Variable selection is commonly used to eliminate the redundant descriptors in the development of QSAR models with larger number of variables to start with. The effectiveness of BOSS variable selection method has been proven before, and results also indicated its superiority to other methods like GA-PLS, CARS, and MCUVE [36]. After variable selection, the qualities of all three models for di-, tri- and tetrapeptides built with integrated descriptors were improved, especially for the predictive ability (Q2), suggesting the large contribution of BOSS variable selection process to the predictability of the models.

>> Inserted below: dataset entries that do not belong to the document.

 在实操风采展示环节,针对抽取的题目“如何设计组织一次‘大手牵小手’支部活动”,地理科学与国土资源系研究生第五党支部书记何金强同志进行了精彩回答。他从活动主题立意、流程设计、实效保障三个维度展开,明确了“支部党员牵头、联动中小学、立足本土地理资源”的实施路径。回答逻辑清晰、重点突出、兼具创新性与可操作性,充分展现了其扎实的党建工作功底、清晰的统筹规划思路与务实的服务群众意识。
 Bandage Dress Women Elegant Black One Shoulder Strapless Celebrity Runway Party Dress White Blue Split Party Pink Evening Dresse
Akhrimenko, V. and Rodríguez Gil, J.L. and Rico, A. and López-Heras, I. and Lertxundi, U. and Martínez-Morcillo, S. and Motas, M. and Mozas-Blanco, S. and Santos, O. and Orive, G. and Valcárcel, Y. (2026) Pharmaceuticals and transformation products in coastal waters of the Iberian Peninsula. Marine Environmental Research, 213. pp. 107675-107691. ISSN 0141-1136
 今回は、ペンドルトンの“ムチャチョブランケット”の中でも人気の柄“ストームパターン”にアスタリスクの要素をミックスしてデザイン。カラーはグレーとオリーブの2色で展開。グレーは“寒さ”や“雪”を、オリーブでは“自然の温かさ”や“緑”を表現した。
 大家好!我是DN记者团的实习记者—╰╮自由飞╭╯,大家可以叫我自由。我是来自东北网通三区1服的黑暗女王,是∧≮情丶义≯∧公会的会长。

Similar results were also obtained by Deng et al. 2017 [13], with an increase in R2 from 0.711 to 0.734 ± 0.004, and Q2 from 0.621 to 0.715 ± 0.002 for the model to predict the ACE-inhibition effect of dipeptides.
To elucidate the structure-bitterness relationship of di-, tri- and tetrapeptides based on our models, important variables obtained by the variable selecting frequency and the standardized regression coefficient were found to be nearly the same, indicating the reliability of the results (Figure 2, Figure 3 and Figure 4). Favorable results from both variable selecting frequency and standardized regression coefficient for all three models were not relied only on one descriptor set, but integrated descriptor sets.

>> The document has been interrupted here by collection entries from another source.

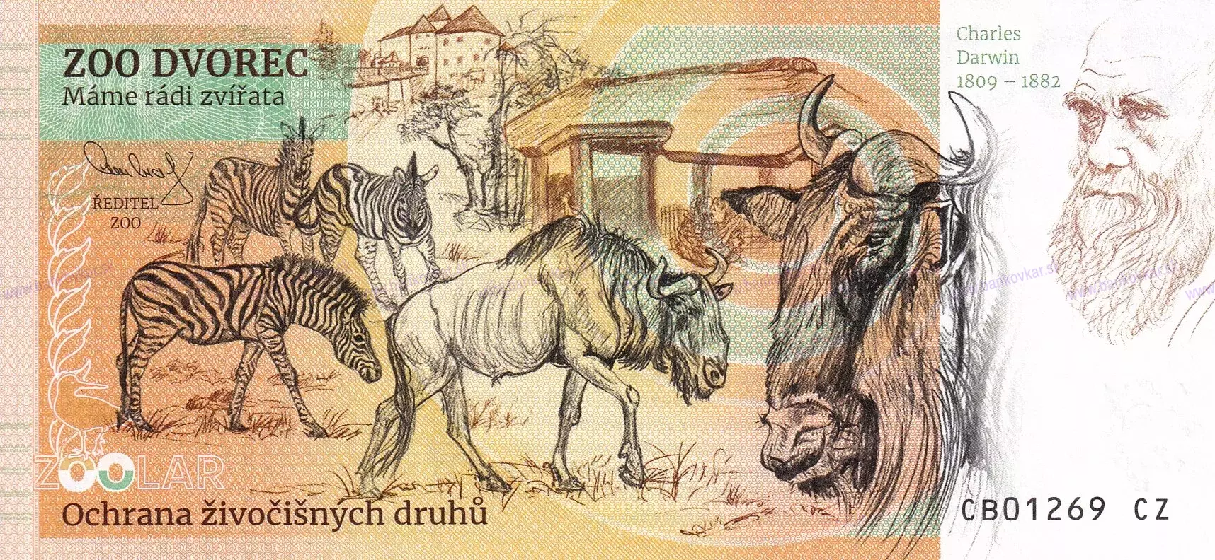 | Zadná strana: | Riaditeľ ZOO: Viktor Ambrož / Zebra Chapmanova + Pakůň žíhaný a tvrz Žumberk ? / Cuknštejn ? / Charles Darwin (1809÷1882) |
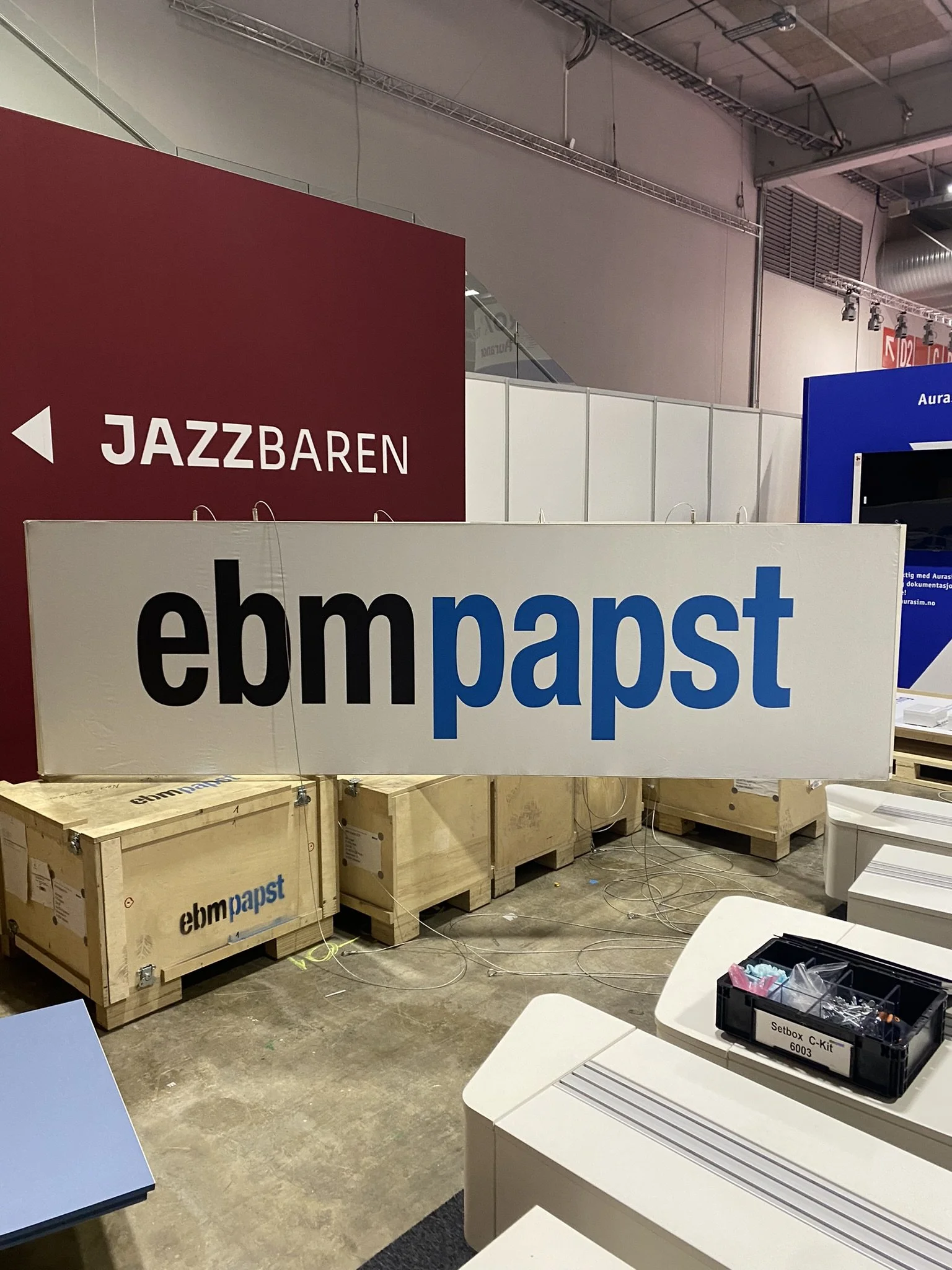 Vi startet riggingen av standen på mandag. Ståle og Isak hadde ansvaret for dette, men heldigvis tredde Gorm ut av pensjonstilværelsen for å gi en hjelpende hånd.
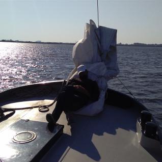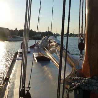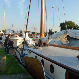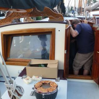 Auf dem Weg zum Schiff kauften wir in einem Supermarkt ganz in der Nähe schnell noch die wesentlichen Lebensmittel für den Turn ein. Segeln macht schließlich hungrig und durstig. Gegen 17:00 Uhr übernahmen wir dann das Schiff. Nach Einräumen des Einkaufes und Beziehen der Kojen war es bereits zu spät, um den Hafen noch zu verlassen. Also noch genügend Zeit, um grundlegende Dinge bezüglich des Handlings eines Plattbodenschiffs zu besprechen. Den ersten Abend ließen wir mit einem kleinen Barbecue und einem dazu gehörendem gepflegtem Bier ausklingen. Schließlich sollte es am anderen Morgen zeitig los gehen.
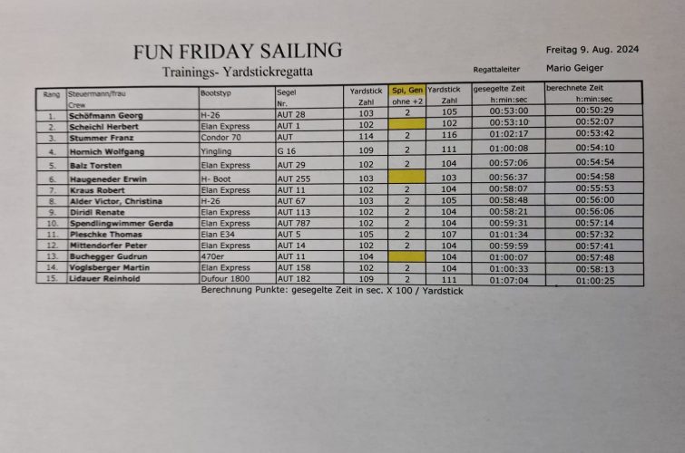 Endergebnis Fun Friday Sailing 2024

Besides, the amino acids at different terminal locations in a peptide affected the behavior of the peptide differently (Figure 2, Figure 3 and Figure 4). This agreed with previous report which proposed that the N- and C-terminal locations of an amino acid residue in a sequence would determine the peptide bioactivity [37]. For example, the presence of high molecular weight C-terminal amino acids like Arg, Tyr and Lys favors the ACE-inhibition effects of dipeptides while for the N-terminus, amino acids with lower molecular weight and hydrophobic side chains like Leu are more preferred [6].
For the structure-bitterness relationship in dipeptides, the reported bitterness key role of the hydrophobic C-terminal amino acid remained unchanged even with the current 14 descriptor sets analyzed (Figure 2) [5], which further confirms its importance. For example, with a stronger hydrophobicity of C-terminal amino acid “F” [△f value (measurement of hydrophobicity) of 2650] than C-terminal amino acid “V” (△f value of 1690), dipeptide “AF” (19 mM) showed a lower bitter taste threshold than dipeptide “AV” (69 mM) [5,38]. Besides, bitterness was also contributed by the strong hydrophobic, polar/charged and large-size amino acids present at the N-terminus. For example, amino acids such as L, I and V are hydrophobic and have bulky side chains. Such relationship is consistent with other reported works [15,22].

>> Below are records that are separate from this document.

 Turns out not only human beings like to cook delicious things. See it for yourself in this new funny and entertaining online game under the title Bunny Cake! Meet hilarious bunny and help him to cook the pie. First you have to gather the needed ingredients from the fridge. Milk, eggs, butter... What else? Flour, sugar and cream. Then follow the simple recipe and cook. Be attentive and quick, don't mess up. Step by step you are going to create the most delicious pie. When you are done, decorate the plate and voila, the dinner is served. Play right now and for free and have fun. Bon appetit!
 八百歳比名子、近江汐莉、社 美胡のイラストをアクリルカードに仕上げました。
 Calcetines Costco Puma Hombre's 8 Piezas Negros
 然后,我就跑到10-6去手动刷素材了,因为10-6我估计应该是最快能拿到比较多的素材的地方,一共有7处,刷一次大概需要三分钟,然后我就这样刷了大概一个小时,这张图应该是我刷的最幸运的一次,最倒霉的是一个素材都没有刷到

For tripeptides, only bulkiness of amino acids at the N-terminus and hydrophobic amino acids at the C-terminus have been reported to correlate with bitterness before [5,15]. Despite the reported contribution of the hydrophobicity of the C-terminal amino acids (e.g., P, F, G, L, I) [5,15], we newly observed the contribution of the electronic properties of the middle amino acid, which was related to the first parameter of descriptor set “DPPS”, i.e., DPPS-1 (Figure 2 and Table S4). Larger DPPS-1 values of the amino acids in the middle position contribute to smaller bitterness thresholds of tripeptides. With a “DPPS-1” value of −2.86 and 2.34 for amino acids “G“ and “V”, respectively, the resulting bitterness threshold of tripeptide “GGV” (33 mM) was found to be larger than “GVV” (5 mM). Moreover, this study firstly demonstrated the importance of the “ST-scale”, “VSW” and “G-scale” descriptor sets to predict bitterness in tripeptides. Although the specific properties cannot be clearly elucidated due to the complex characteristics described by each single parameter in a descriptor set, they could still provide insights for future studies to further manifest the precise relationships.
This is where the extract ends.